The marshal said, “Sir, you—”
Fagin cut him off. “Dinner’s over. Everybody break it up, and I want my over nights up and reporting for duty ASAP.”
Kearney started away then, fast. Fagin turned and watched him go. Then he noticed Blood looking across at him. “What the fuck was that all about?” Fagin said. But Blood looked into the man’s eyes and saw that he knew.
Brian Kearney walked for a while, and finally when he knew where he was, the high lamps were on and cutting into the twilight falling over the clearing, and he was standing in front of the command tent. He didn’t think he’d planned on going there, but now that he was there he realized he probably had. He wanted to warn Agent Banish somehow. He wanted to warn him that lies were being spread. But as soon as Brian reached the tent, he realized that he had nothing to say. And then he felt even worse. He looked around at the lit clearing and had to ask himself what it was all for. He felt about two inches tall and half as powerful. Right about then, Agent Banish stepped out of the tent in front of him.
Agent Banish was wearing a blue FBI jacket and had a radio in his hand. He looked at Brian strangely, as though he didn’t know where he had come from, or maybe Brian had interrupted a train of thought. “What is it?” Agent Banish said.
Brian couldn’t even shake his head. He stood there kind of searching Agent Banish’s face, studying it for imperfections. It was deep-creased and shadowed, and bruised-looking under the eyes, and his lips were chapped. His shirt collar was sagged and rumpled, and he looked pale, even old. But his chin and cheeks were shaved, and the eyes themselves seemed clear. He was about to say something else, because Brian was paralyzed and simply could not speak, but then like a cat hearing something in the walls, Agent Banish became distracted. He started to glance around the clearing.
Brian looked too. He picked up on the nearby agents touching their ears and moving around, reacting. People starting to scatter throughout the gloomy clearing. Voices being raised.
Agent Banish turned on his radio. “Fagin,” he said into it.
After a moment the radio crackled with Marshal Fagin’s voice. “We have movement.”
Agent Banish’s mouth tightened. “The phone?”
“Negative. Southeast side of the compound. Escapees. Three.”
Agent Banish said, “Presume complicity. Get up there and bring them in separately and quietly.”
He switched off the radio and started away at a brisk pace across the clearing. Brian stood there just long enough to watch him disappear, striding hard into the shadows falling between two high lights, then hurried over to a Jeep to get back down as fast as he could to his assigned post. Things were finally starting to happen, and he knew now that Agent Banish was in full control.
Perkins was already at the sound truck when Banish arrived. The sound man was seated in front of the monitor bank. Banish climbed inside. His blood was pumping again.

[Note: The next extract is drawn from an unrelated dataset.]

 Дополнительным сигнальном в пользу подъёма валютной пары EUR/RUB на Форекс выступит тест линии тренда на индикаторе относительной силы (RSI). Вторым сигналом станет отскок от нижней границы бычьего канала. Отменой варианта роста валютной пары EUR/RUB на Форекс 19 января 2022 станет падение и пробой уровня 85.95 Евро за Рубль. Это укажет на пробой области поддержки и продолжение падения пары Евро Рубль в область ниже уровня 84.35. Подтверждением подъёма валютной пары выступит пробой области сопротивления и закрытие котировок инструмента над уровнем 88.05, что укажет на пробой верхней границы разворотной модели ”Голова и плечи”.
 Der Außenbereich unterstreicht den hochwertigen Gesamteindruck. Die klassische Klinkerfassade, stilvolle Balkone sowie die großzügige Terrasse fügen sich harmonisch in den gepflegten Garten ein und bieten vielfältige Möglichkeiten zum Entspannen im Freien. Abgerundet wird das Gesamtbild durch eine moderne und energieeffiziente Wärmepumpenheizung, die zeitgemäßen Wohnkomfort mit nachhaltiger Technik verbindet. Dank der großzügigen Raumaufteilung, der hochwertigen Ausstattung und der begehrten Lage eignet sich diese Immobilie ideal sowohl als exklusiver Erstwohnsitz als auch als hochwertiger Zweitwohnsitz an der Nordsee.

On the monitor showing the artificially bright eastern angle of the mountaintop, a team of marshals was rough-searching three people lying prone on the ground.

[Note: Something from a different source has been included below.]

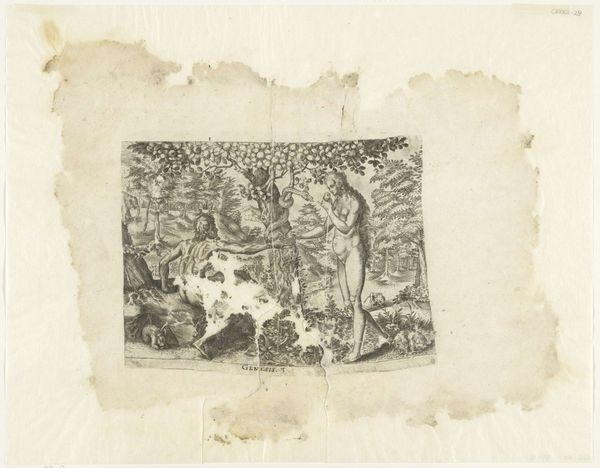 Curator: Let’s delve into this engraving, Adam and Eve, made around 1585-1596. The artist is unknown, which raises immediate questions about authorship, intention, and access. Editor: It’s such a stark depiction using line work; quite detailed despite the obvious age of the work. How do you interpret this piece through the lens of history? Curator: The representation of Adam and Eve is particularly interesting considering the historical context. During the late 16th century, theological and societal norms heavily influenced artistic representations. We often see them idealized. But let's look closer: who benefits from portraying Eve in this way? How does the serpent function here, not just as tempter, but as a symbol of knowledge – dangerous knowledge perhaps? What does it mean to frame her decision as the downfall of humanity and who does this narrative serve? Editor: I never thought of it that way; it is striking how she is still often held accountable. In your opinion, why have art pieces on this scene remained relevant? Curator: Because it isn’t *just* about Adam and Eve, it is also about systems. These representations underscore societal power dynamics, gender roles, and the control of knowledge, all highly relevant discussions today. Considering, the lack of a known artist further complicates this because anonymity itself suggests certain socio-political power structures. Editor: So anonymity suggests the structures themselves at play? Curator: Precisely. Even the act of interpreting such works becomes an intervention. What does this make you consider about current, similar art? Editor: Understanding these historic influences makes me wonder about my responsibility as someone interpreting art today! Curator: And hopefully motivates you to explore further! Examining art through this kind of critical framework allows us to unpack hidden assumptions and challenge established power structures.

Perkins said, “The Newlands and Charles Mellis.”
“Escaped or released?”
The sound man said with a shrug, “They just walked out.”
Banish watched the monitor a moment longer. “Keep all three separated,” he said to Perkins. “Debrief them before you feed them. Read them their rights, then get everything down on tape. Cover it with your 302 and see me after. I want observations and impressions. Then call the U.S. Attorneys. They’ll need statements and so on.”
Perkins was nodding, taking it all in. “Wait,” he said. “We have only two holding tents.”
Banish acknowledged this with a frown. “All right,” he said. “Clear the personal effects out of my trailer. Put Mellis in there and assign two marshals to guard it full-time.” He raised his radio then. “Fagin. Anything?”
Fagin’s voice came back from the mountaintop. “Negative.”
Banish nodded. He said, “Keep watching.”